TASK GOAL:
Images are to be left out; everything else in the listing should be repeated exactly.

:: DATA SHOWN

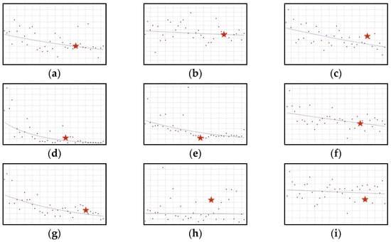 A schematic graph of the frequency of use of ingredients in the respective quarters in the period from the first quarter of 2012 to the fourth quarter of 2021. The star denotes the moment of publication of a scientific opinion or a resolution concerning the ingredient. The height of placement of the symbol reflects the level of use of the ingredient. (a): Aloe (Figure A7); (b): Caffeine (Figure A8); (c): Chromium (Figure A9); (d): ECGC (Figure A10); (e): Hoodia (Figure A11); (f): Niacin (Figure A12); (g): Phosphorus (Figure A13); (h): Red Yeast Rice (Figure A14); (i): Vitamin B12 (Figure A15).
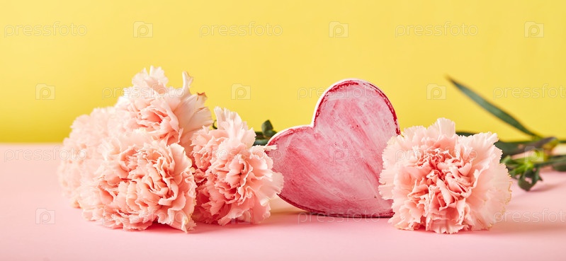 Букет розовых гвоздик и декоративное сердце. Концепция дизайна праздничного поздравления с букетом гвоздик на розовом фоне
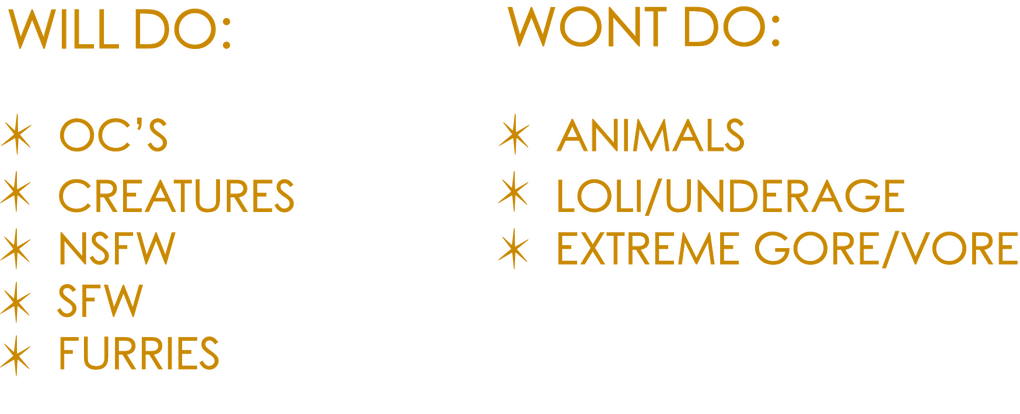 ♦ I reserve the right to refuse any commission.♦ For non-commercial use only, for commercial use please contact via email.♦ You must be 18+ to commission.♦ You must fill out a commission form to request a commission (linked below)
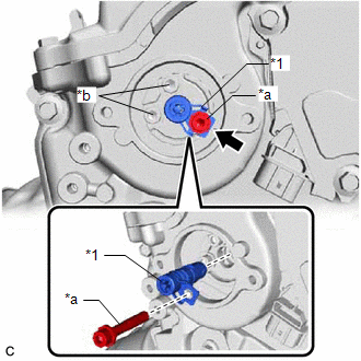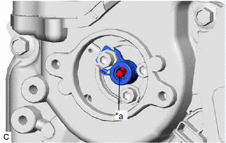 | (a) Using a 5 mm hexagon socket wrench, remove the bolt. NOTICE: Do not remove the other 2 bolts. HINT: If it is difficult to loosen the bolt due to the tools contacting the vehicle body or other parts, rotate the crankshaft to move the bolt to a position where it can be removed easily. |

::::

RESULT FOR THIS TASK:
 A schematic graph of the frequency of use of ingredients in the respective quarters in the period from the first quarter of 2012 to the fourth quarter of 2021. The star denotes the moment of publication of a scientific opinion or a resolution concerning the ingredient. The height of placement of the symbol reflects the level of use of the ingredient. (a): Aloe (Figure A7); (b): Caffeine (Figure A8); (c): Chromium (Figure A9); (d): ECGC (Figure A10); (e): Hoodia (Figure A11); (f): Niacin (Figure A12); (g): Phosphorus (Figure A13); (h): Red Yeast Rice (Figure A14); (i): Vitamin B12 (Figure A15).
 Букет розовых гвоздик и декоративное сердце. Концепция дизайна праздничного поздравления с букетом гвоздик на розовом фоне
 ♦ I reserve the right to refuse any commission.♦ For non-commercial use only, for commercial use please contact via email.♦ You must be 18+ to commission.♦ You must fill out a commission form to request a commission (linked below)
 | (a) Using a 5 mm hexagon socket wrench, remove the bolt. NOTICE: Do not remove the other 2 bolts. HINT: If it is difficult to loosen the bolt due to the tools contacting the vehicle body or other parts, rotate the crankshaft to move the bolt to a position where it can be removed easily. |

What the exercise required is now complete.